B. No Right to Prosecution of Others
Furthermore, regarding Judge Pagano and all other defendants, the complaint is legally frivolous and fails to state a claim on which relief may be granted for an additional reason. Plaintiff is suing these defendants because he has not been able to file criminal complaints against his former attorneys. However, a private citizen does not have "a judicially cognizable interest in the prosecution or non-prosecution of another." Linda R. S. v. Richard D., 410 U.S. 614, 619 (1973). As the Supreme Court stated, "a citizen lacks standing to contest the policies of the prosecuting authority when he himself is neither prosecuted nor threatened with prosecution." Id. Thus, plaintiff lacks standing to bring the present suit. Accordingly, the court will dismiss the complaint. Moreover, because no additional allegations could exclude plaintiff from the Supreme Court's general rule that private citizens lack standing to challenge the prosecution or non-prosecution of others, amendment of the complaint would be futile. Therefore, the dismissal will be with prejudice. See Grayson v. Mayview State Hospital, 293 F.3d 103, 111 (3d Cir. 2002) (stating the general rule that "plaintiffs whose complaints fail to state a cause of action are entitled to amend their complaint[s] unless doing so would be inequitable or futile").
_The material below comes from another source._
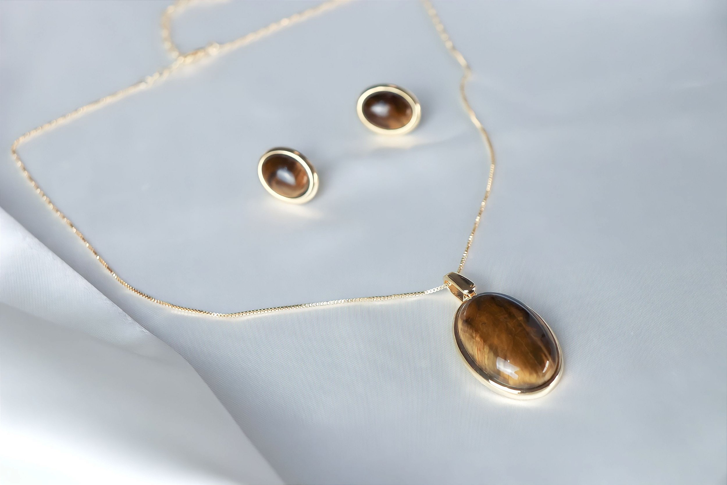 Adquira agora o Conjunto de Brinco e Colar de Olho de Tigre e eleve seu estilo e autoestima, enquanto mantém a proteção e a confiança que você merece!

AND NOW on this 22nd day of January 2009, upon consideration of plaintiff's motion to proceed in forma pauperis (Docket No. 1) and plaintiff's complaint, IT IS HEREBY ORDERED that:
1. Plaintiff's motion to proceed in forma pauperis is GRANTED, and
2. Pursuant to 28 U.S.C. § 1915(e)(2), plaintiff's complaint is DISMISSED with prejudice as legally frivolous and for failure to state a claim on which relief may be granted.